[[ EXTRACTED RECORDS open ]]

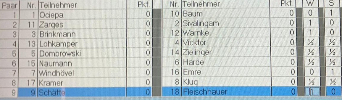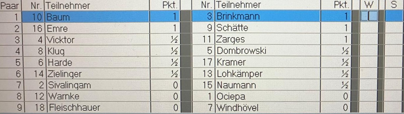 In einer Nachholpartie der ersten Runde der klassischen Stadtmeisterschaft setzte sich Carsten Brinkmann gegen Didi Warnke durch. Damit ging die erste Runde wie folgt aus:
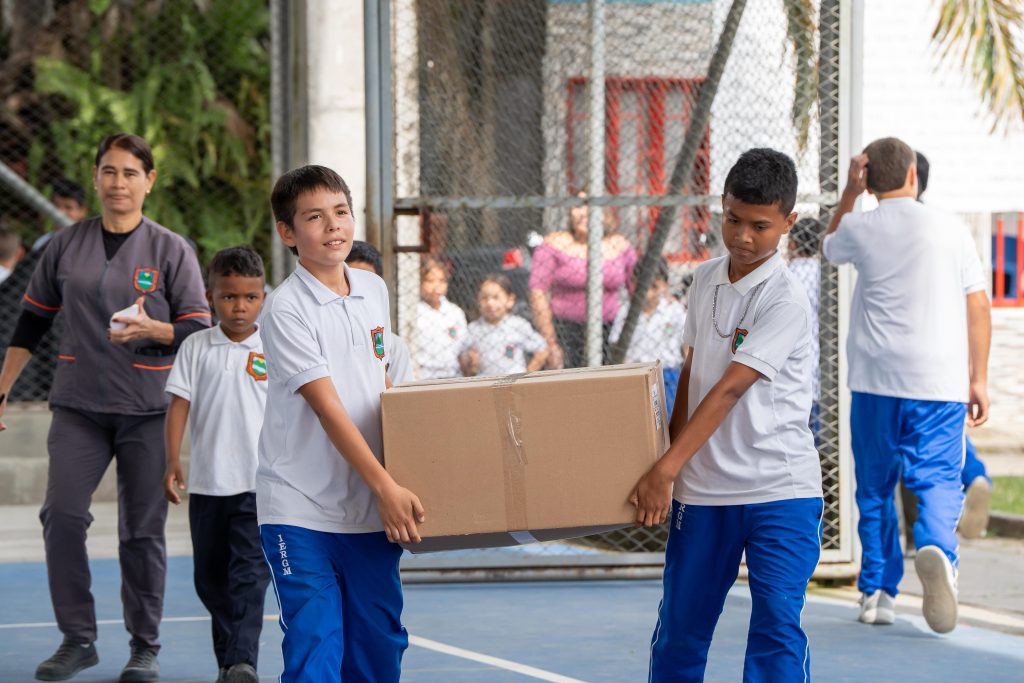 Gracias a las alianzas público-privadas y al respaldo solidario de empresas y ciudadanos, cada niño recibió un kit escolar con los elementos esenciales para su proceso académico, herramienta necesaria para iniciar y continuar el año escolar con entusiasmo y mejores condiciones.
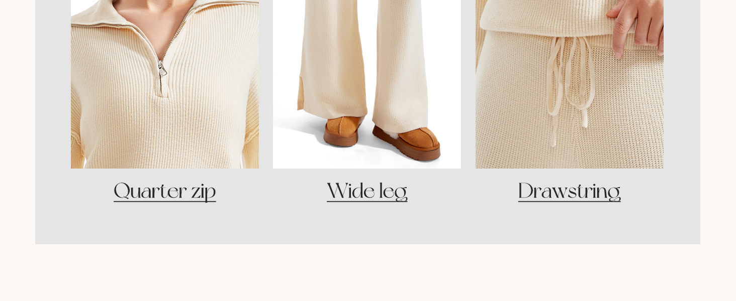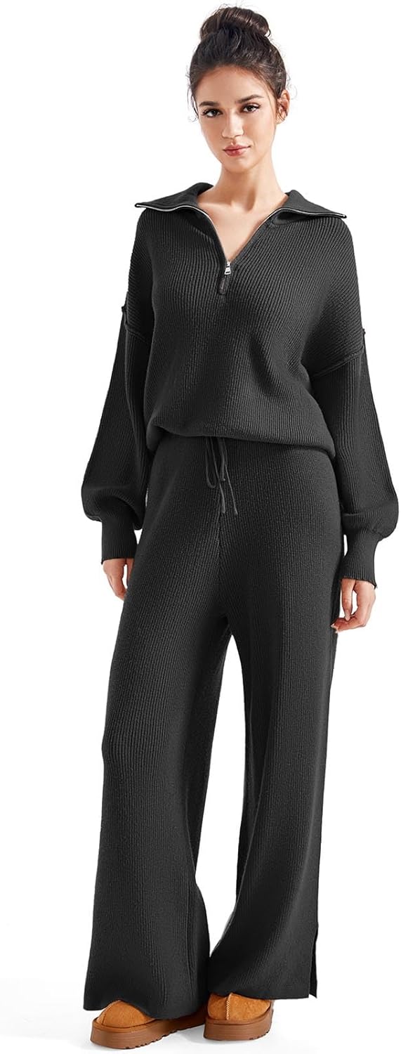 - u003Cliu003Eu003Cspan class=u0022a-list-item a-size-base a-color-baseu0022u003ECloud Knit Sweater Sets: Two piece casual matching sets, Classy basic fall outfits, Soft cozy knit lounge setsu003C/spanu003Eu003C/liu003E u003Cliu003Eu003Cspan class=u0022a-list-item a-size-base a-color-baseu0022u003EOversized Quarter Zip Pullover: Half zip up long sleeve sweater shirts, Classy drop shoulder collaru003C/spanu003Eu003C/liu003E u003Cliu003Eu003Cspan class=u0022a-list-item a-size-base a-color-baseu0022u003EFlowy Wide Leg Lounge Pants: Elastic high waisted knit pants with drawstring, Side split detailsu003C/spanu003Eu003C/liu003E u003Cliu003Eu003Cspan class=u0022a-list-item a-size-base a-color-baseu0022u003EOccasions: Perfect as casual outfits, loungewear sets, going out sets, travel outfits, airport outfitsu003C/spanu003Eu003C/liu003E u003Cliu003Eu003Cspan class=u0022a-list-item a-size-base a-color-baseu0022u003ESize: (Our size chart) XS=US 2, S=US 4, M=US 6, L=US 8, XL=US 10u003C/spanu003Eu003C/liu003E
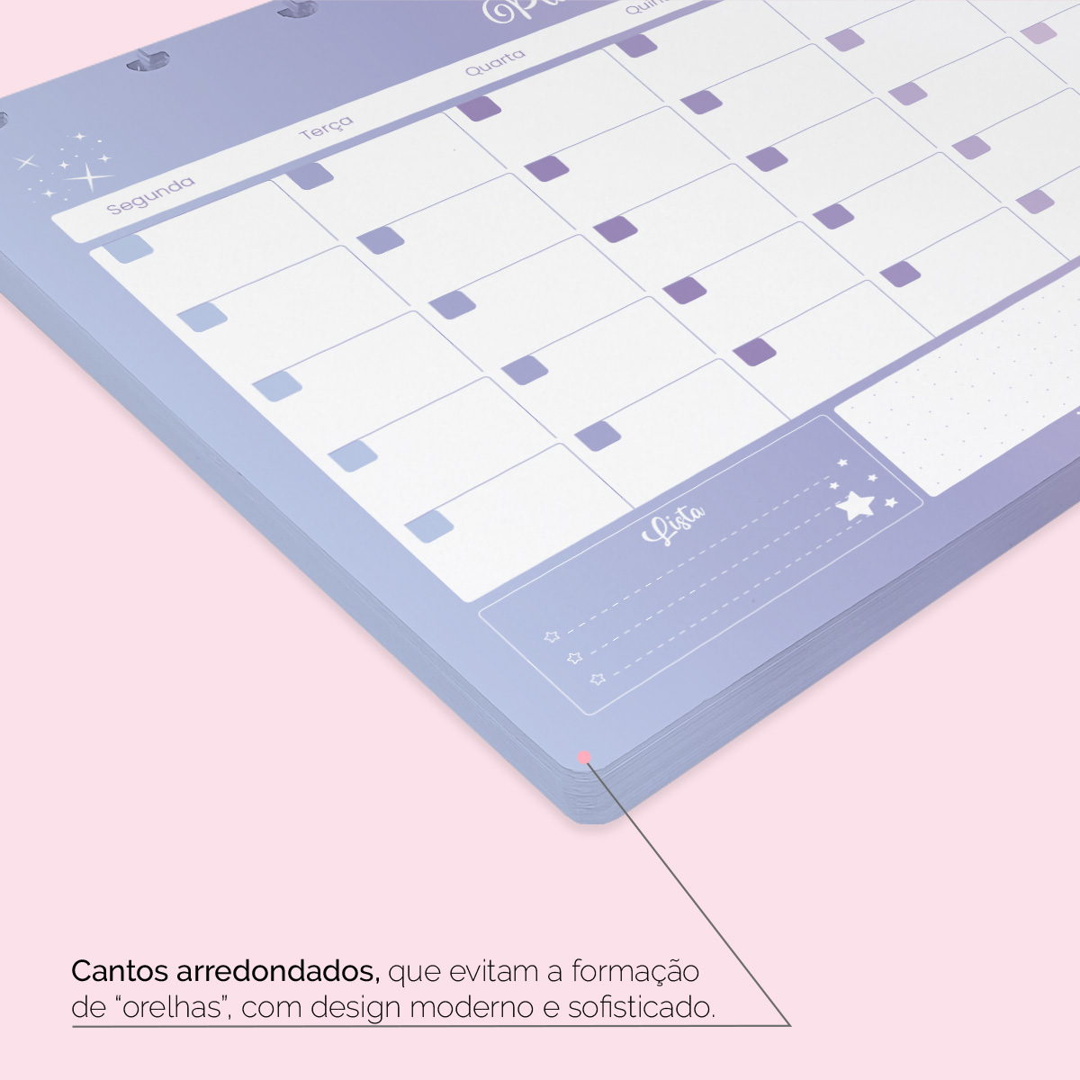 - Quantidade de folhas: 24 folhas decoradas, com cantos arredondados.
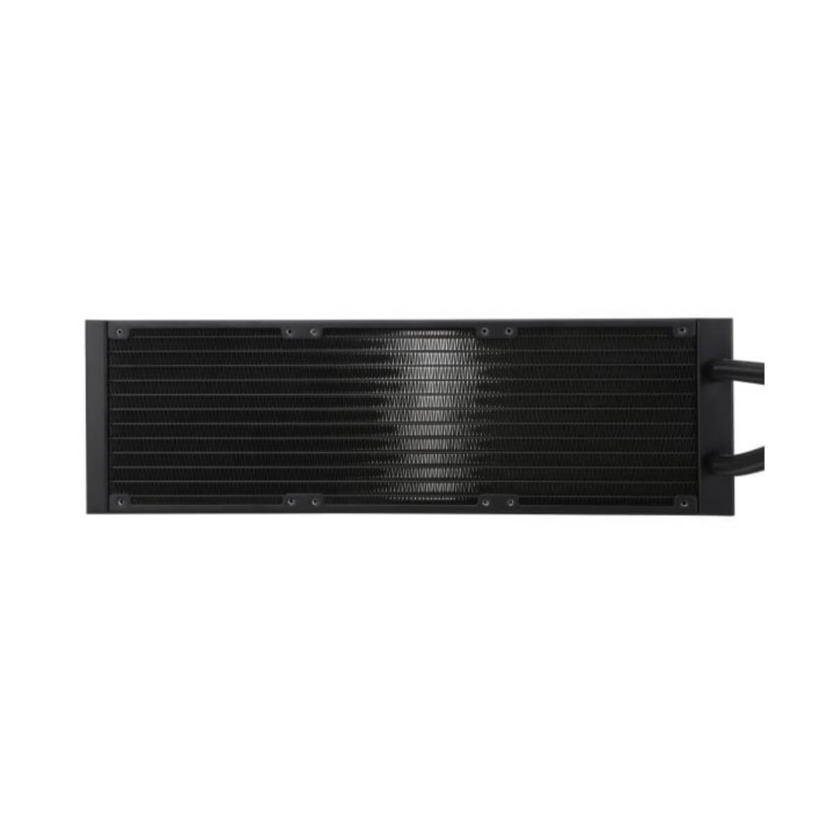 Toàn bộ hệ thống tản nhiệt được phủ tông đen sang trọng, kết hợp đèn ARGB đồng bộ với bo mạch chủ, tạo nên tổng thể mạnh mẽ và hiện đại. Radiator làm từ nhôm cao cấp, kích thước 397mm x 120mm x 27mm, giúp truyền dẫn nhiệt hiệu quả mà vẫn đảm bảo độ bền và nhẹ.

[[ EXTRACTED RECORDS closed ]]

▸ PROBLEM REQUIREMENTS:
Print the full listing again exactly, and drop every image from it.

▸ YOUR RESPONSE:
 In einer Nachholpartie der ersten Runde der klassischen Stadtmeisterschaft setzte sich Carsten Brinkmann gegen Didi Warnke durch. Damit ging die erste Runde wie folgt aus:
 Gracias a las alianzas público-privadas y al respaldo solidario de empresas y ciudadanos, cada niño recibió un kit escolar con los elementos esenciales para su proceso académico, herramienta necesaria para iniciar y continuar el año escolar con entusiasmo y mejores condiciones.
 - u003Cliu003Eu003Cspan class=u0022a-list-item a-size-base a-color-baseu0022u003ECloud Knit Sweater Sets: Two piece casual matching sets, Classy basic fall outfits, Soft cozy knit lounge setsu003C/spanu003Eu003C/liu003E u003Cliu003Eu003Cspan class=u0022a-list-item a-size-base a-color-baseu0022u003EOversized Quarter Zip Pullover: Half zip up long sleeve sweater shirts, Classy drop shoulder collaru003C/spanu003Eu003C/liu003E u003Cliu003Eu003Cspan class=u0022a-list-item a-size-base a-color-baseu0022u003EFlowy Wide Leg Lounge Pants: Elastic high waisted knit pants with drawstring, Side split detailsu003C/spanu003Eu003C/liu003E u003Cliu003Eu003Cspan class=u0022a-list-item a-size-base a-color-baseu0022u003EOccasions: Perfect as casual outfits, loungewear sets, going out sets, travel outfits, airport outfitsu003C/spanu003Eu003C/liu003E u003Cliu003Eu003Cspan class=u0022a-list-item a-size-base a-color-baseu0022u003ESize: (Our size chart) XS=US 2, S=US 4, M=US 6, L=US 8, XL=US 10u003C/spanu003Eu003C/liu003E
 - Quantidade de folhas: 24 folhas decoradas, com cantos arredondados.
 Toàn bộ hệ thống tản nhiệt được phủ tông đen sang trọng, kết hợp đèn ARGB đồng bộ với bo mạch chủ, tạo nên tổng thể mạnh mẽ và hiện đại. Radiator làm từ nhôm cao cấp, kích thước 397mm x 120mm x 27mm, giúp truyền dẫn nhiệt hiệu quả mà vẫn đảm bảo độ bền và nhẹ.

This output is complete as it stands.